Opening of stomata in light involves the following steps:
- The pH of guard cells increases to 7 due to the use of the carbon dioxide in photosynthesis in the presence of light.
- High pH favours conversion of starch into glucose-1-PO4 in the presence of phosphorylase.
Starch+phosphate→glucose-1-phosphate
- Glucose-1-PO4 is further converted to glucose-6-PO4 in the presence of enzyme phosphoglucomutase.
Glucose-1-phosphate→glucose-6-phosphate
- Glucose6-PO4 is now converted to glucose and phosphate in the presence of enzyme, phosphatase.
Glucose-6-phosphate →glucose+phosphate
- Glucose being osmotically active increases osmotic concentration of the guard cells.
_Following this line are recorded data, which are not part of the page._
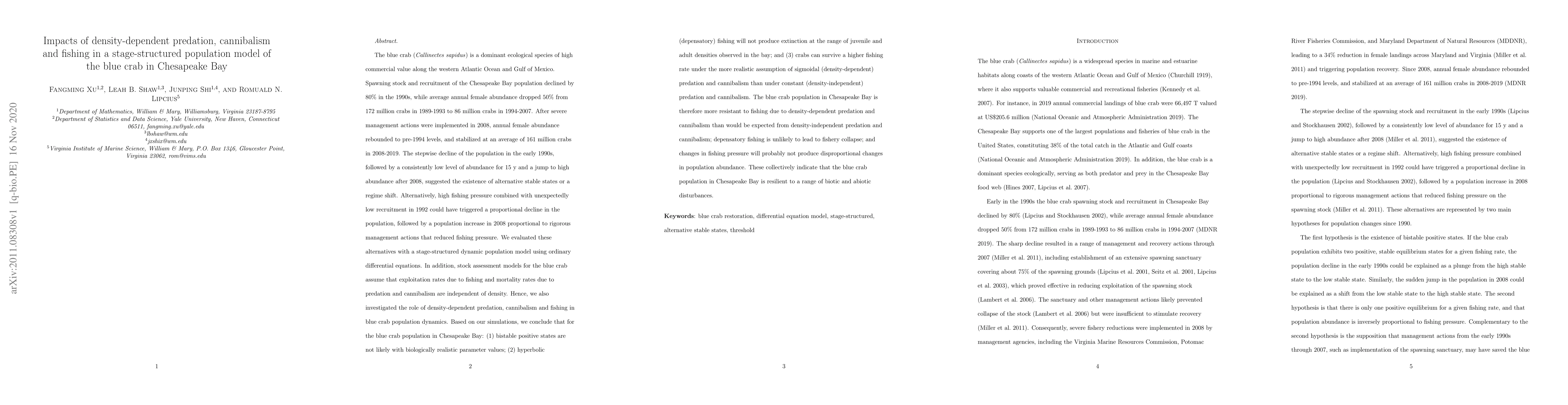 This study examines the dynamics of the blue crab population in Chesapeake Bay, considering density-dependent predation, cannibalism, and fishing. The findings suggest that the population is resilient, with no evidence of bistable states, and that high fishing rates can be tolerated under realistic density-dependent predation and cannibalism scenarios.
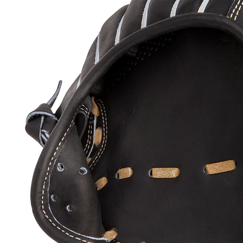 ■平裏指先型押し加工:型押し加工することで指先の食いつきが向上。中指・薬指部に配置。
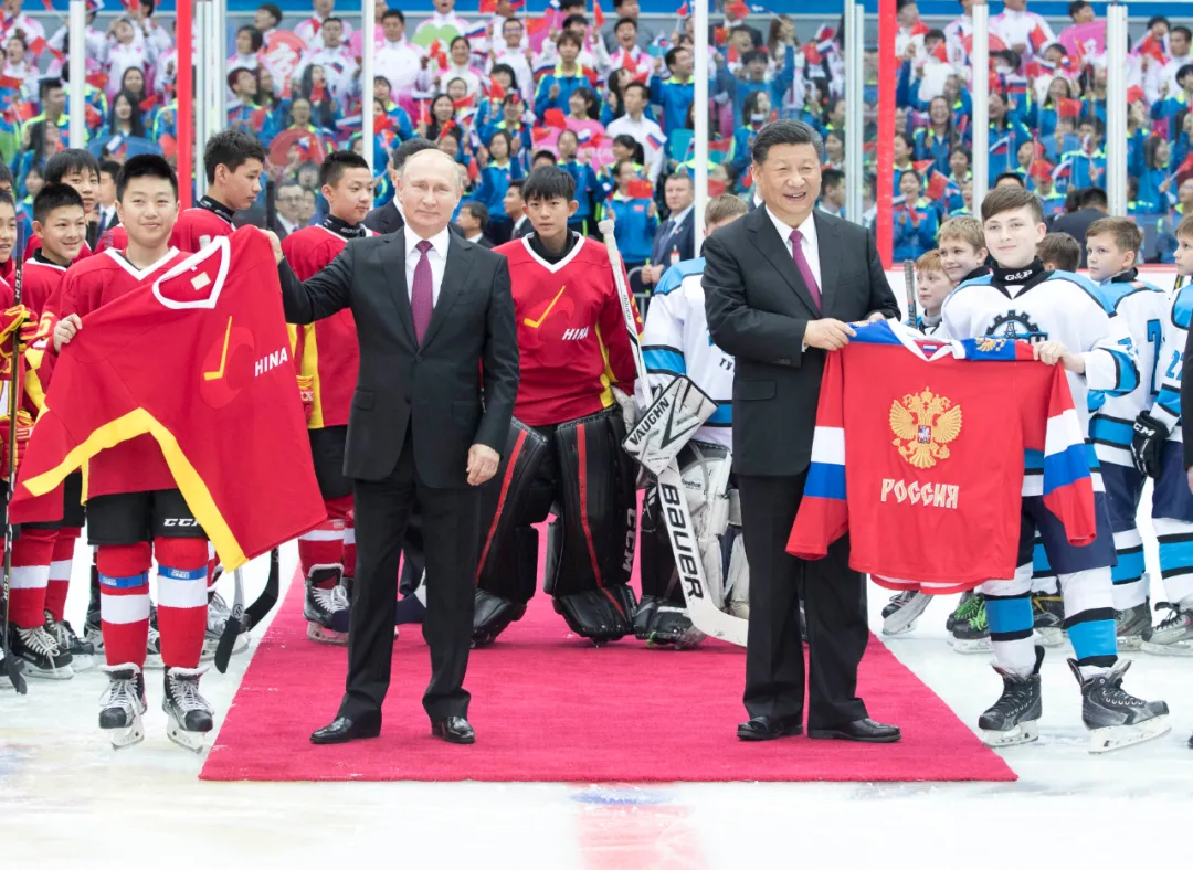 2018年6月8日,国家主席习近平同俄罗斯总统普京在天津体育馆共同观看中俄青少年冰球友谊赛。两国元首同小队员们亲切交谈、合影,并共同为比赛开球。新华社记者 庞兴雷 摄
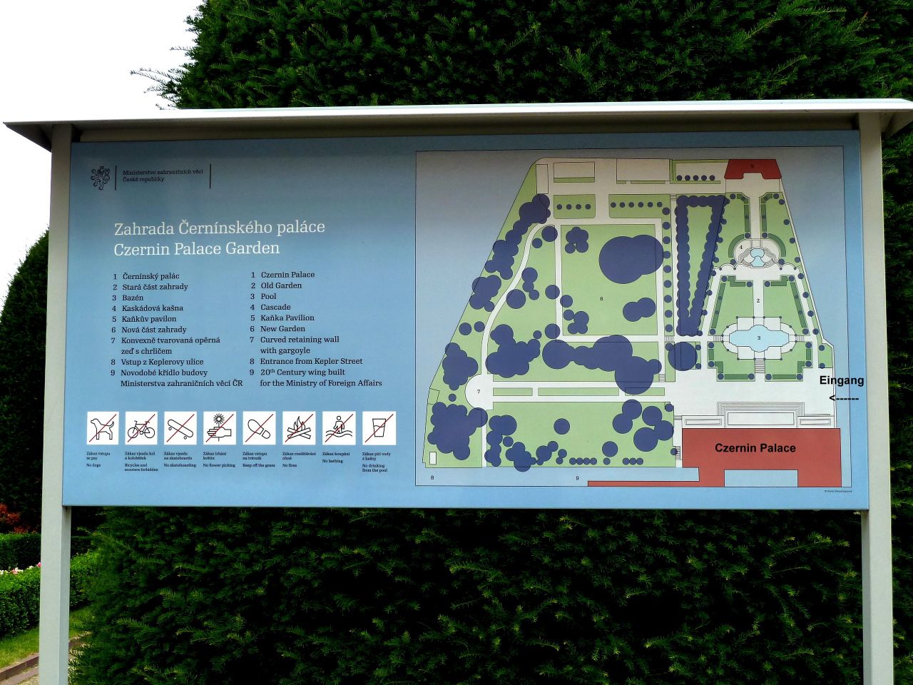 Den westlichen Abschluß des Platzes bildet der mächtige Czernin-Palast - Černinský palác) mit einem großen Garten neben dem Gebäude und einem großflächigen Parkplatz vor dem Palast.
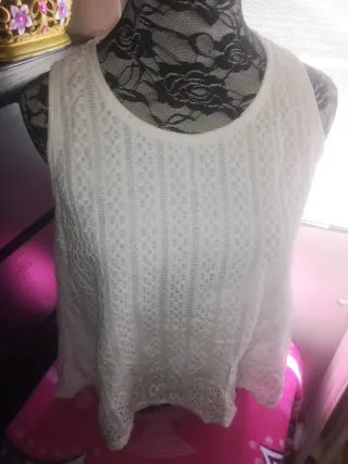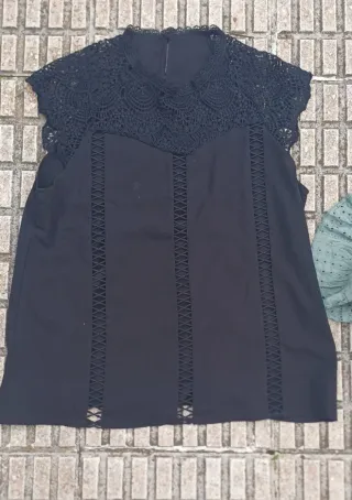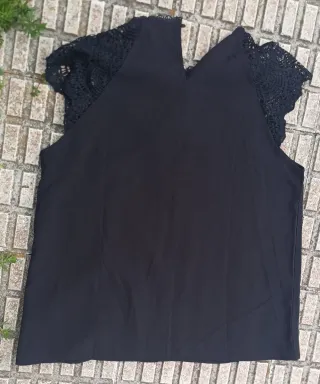 Elegante blusa sin mangas con un diseño bicolor sin estrenar. - Detalle de encaje en los hombros. - Tejido ligero y vaporoso. - Corte recto. - En la etiqueta talla una 52.
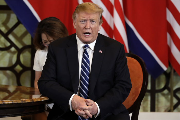 김정은 북한 국무위원장과 도널드 트럼프 미국 대통령 28일 오전(현지시간) 베트남 하노이 메트로폴 호텔에서 단독정상회담을 하고 있다.
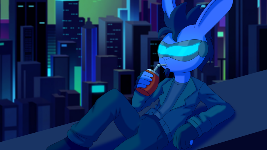Back in March was my friend Sp3ctrum's birthday, so I drew his main sona chillin with some mate on a city rooftop.
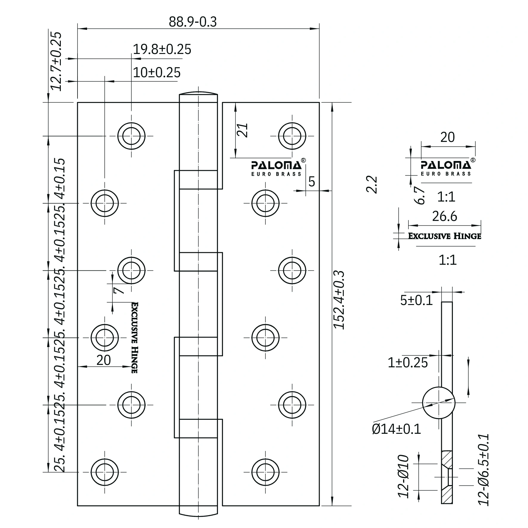 Butt Hinge Brass 6″x 3,5″ x 5 mm 4BB BHP 609 (120kg)
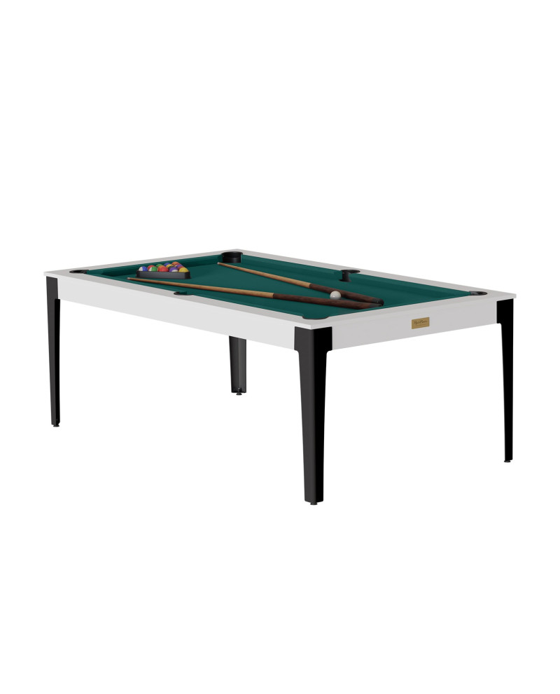 Table billard convertible René Pierre Elan Blanc brillant pieds noirs
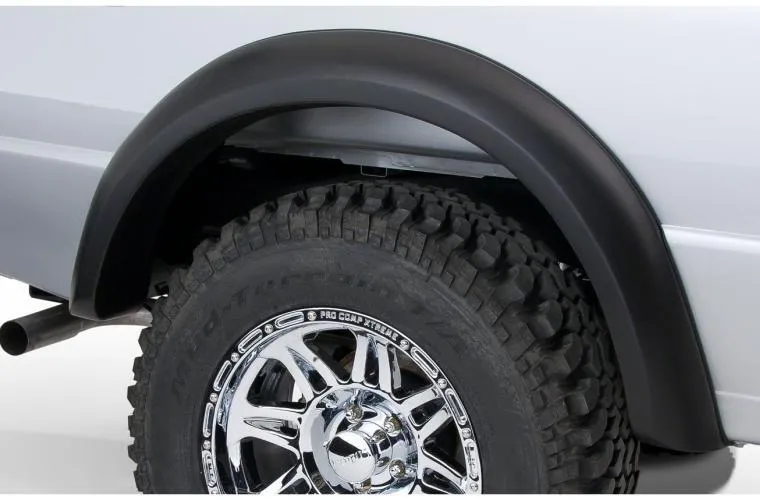 You've equipped your vehicle with oversize wheels and tires for serious off-road traction and clearance. Now you need extra tire coverage to protect your rig's body and maybe even comply with local laws. Bushwacker Extend-A-Fender Flares deliver premium-grade protection and style matched to oversized tires, yet as tough as they are, they go on easily with no drilling required. You can install them in minutes and enjoy them for years. Our exclusive Dura-Flex 2000 material is designed for added durability and flexibility with built-in UV protection. Your Extend-A-Fender Flares resist chalking, cracking, and warping, whether you leave them with their OEM-style matte black finish or paint them for a totally personalized look. Either way, your truck will look factory-equipped for your off-road tires. Extend-A-Fender Flares go on easy, perform tough, and look great.
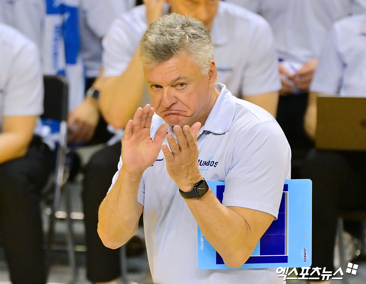 (엑스포츠뉴스 의정부, 김한준 기자) 16일 오후 경기도 의정부실내체육관에서 열린 '진에어 2025-2026 V-리그' KB손해보험과 대한항공의 경기, 대한항공 헤난 감독이 박수를 치고 있다.
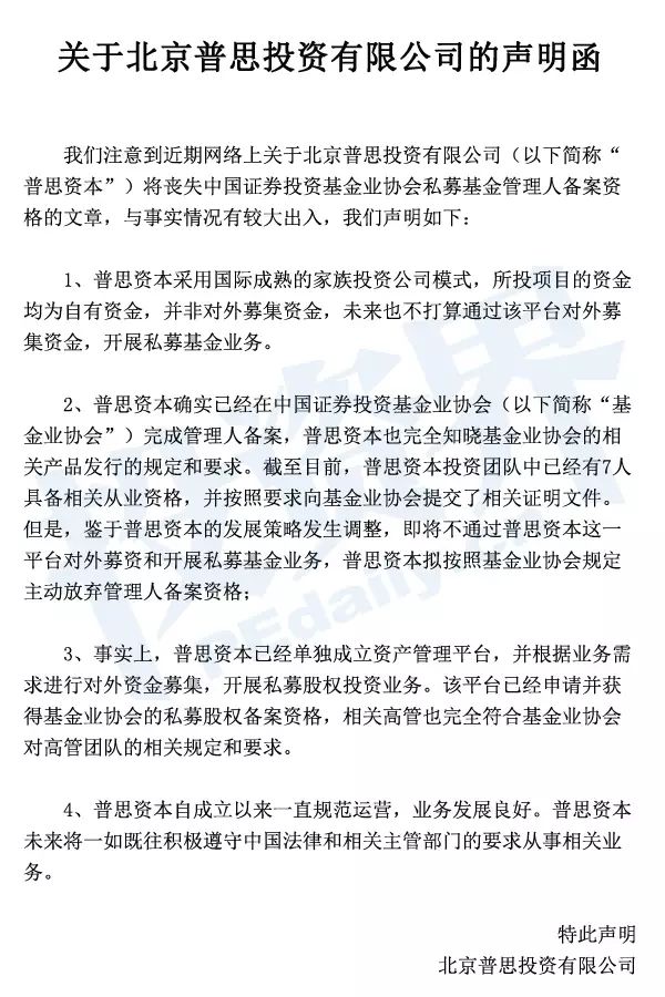 3. 另外,普思资本单独成立了资产管理平台,开展对外募资和私募股权投资业务,而且也已经完成备案了。
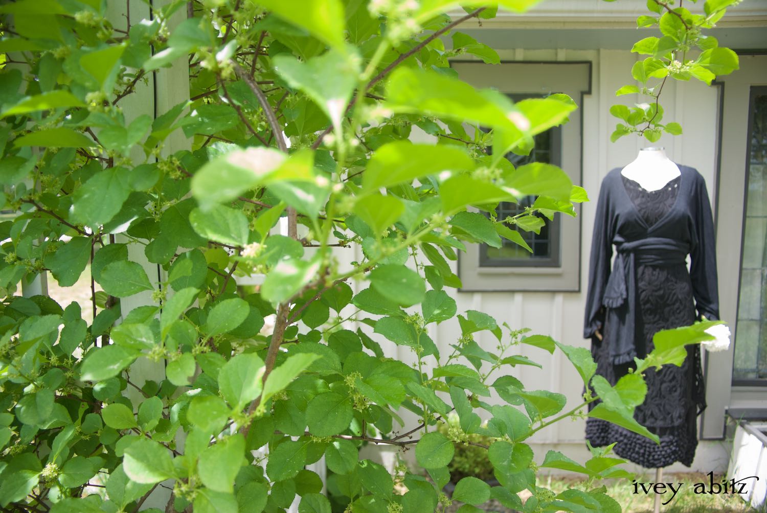 - Thatched Frock in Signature Black Gauzy Linen.

Hence, water from the surrounding cells enters them by endosmosis.
- The turgor pressure of guard cells increases and the stoma opens.
Closing of the stomata in dark involves the following steps:
- The pH of guard cells decreases due to accumulation of carbon dioxide in the intercellular spaces as photosynthesis does not occur in dark.
- Low pH favors conversion of glucose into glucose-1-PO4 in the presence of enzyme hexokinase. This requires ATP which is made available by respiration.
Glucose+ATP→glucose-1-phosphate
- Glucose-1-PO4 is now converted into starch in the presence of enzyme, phosphorylase.
Glucose-1-phosphate→starch
- Starch being osmotically inactive, osmotic concentration of the guard cells decreases. Water comes out from the guard cells due to exosmosis. This reduces the turgor pressure of the guard cells and they become flaccid. Therefore, the stoma closes.